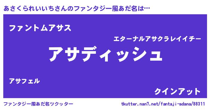 | ヒーロー風カッコイイあだ名 | 『ネオアサクラレイイチ』『幻影騎士アサ』 |
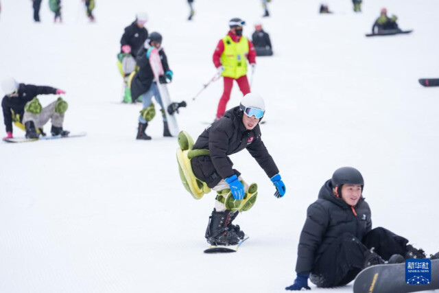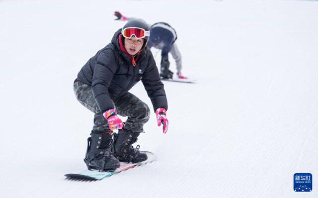 2月8日,游客在阿坝州汶川县羌人谷滑雪场滑雪。
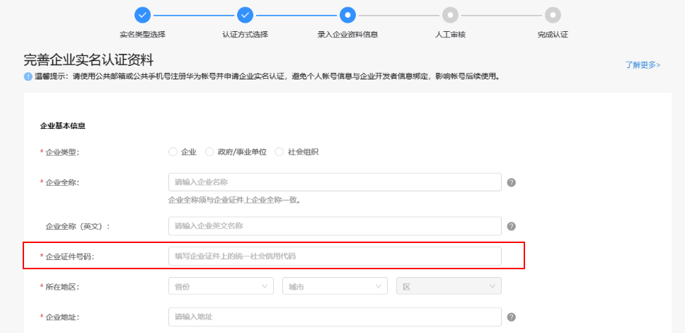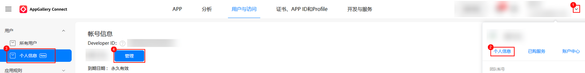 商户应用管理员实名认证(在AppGallery Connect “个人信息 > 管理 > 实名认证”查询)需为企业开发者。
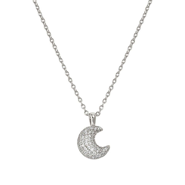 Collana della linea Lifepoetry in argento 925 lucido in sottile maglia rolò con al centro bel pendente a forma di luna bombata di circa 1 cm con pavè di cubic zirconia bianchi. Chiusura regolabile a piacimento grazie al moschettone scorrevole. Prodotto in Italia, packaging dedicato.
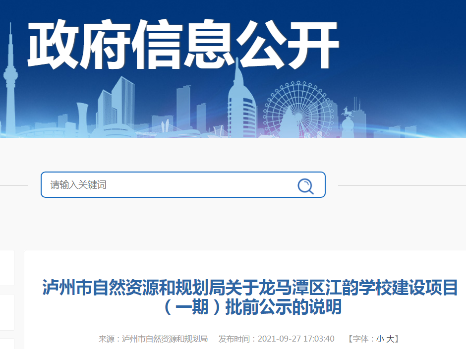 近日,泸州市自然资源和规划局发布了《关于龙马潭区江韵学校建设项目(一期)批前公示的说明》。大家翘首以盼的江韵学校,终于有了进展。
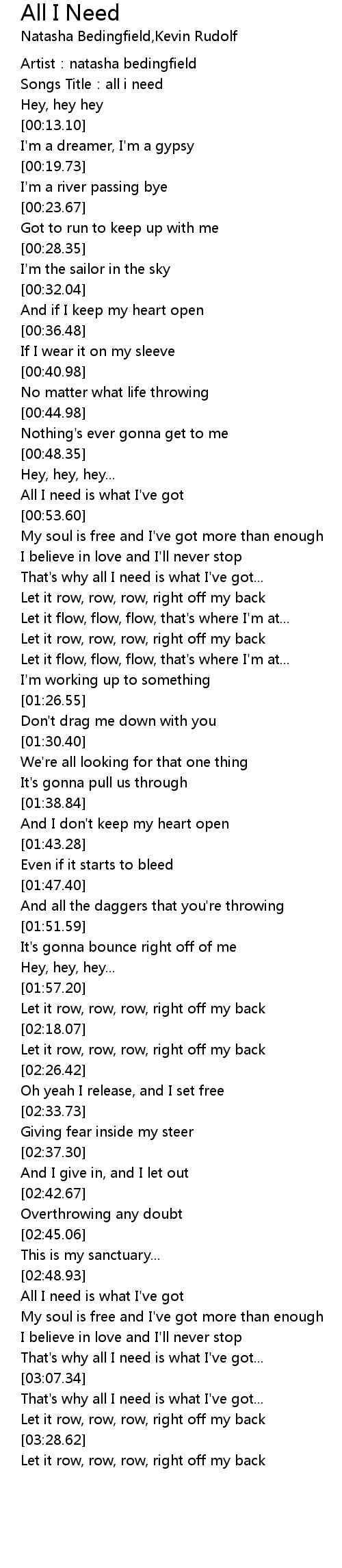 | [01:02.17] | That's why all I need is what I've got... |

···

* **WHAT NEEDS TO BE DONE**
Lines from the one with "Collana della linea" through the final line of the records are the whole answer; print them exactly, minus any pictures.

* **RESULT**
 Collana della linea Lifepoetry in argento 925 lucido in sottile maglia rolò con al centro bel pendente a forma di luna bombata di circa 1 cm con pavè di cubic zirconia bianchi. Chiusura regolabile a piacimento grazie al moschettone scorrevole. Prodotto in Italia, packaging dedicato.
 近日,泸州市自然资源和规划局发布了《关于龙马潭区江韵学校建设项目(一期)批前公示的说明》。大家翘首以盼的江韵学校,终于有了进展。
 | [01:02.17] | That's why all I need is what I've got... |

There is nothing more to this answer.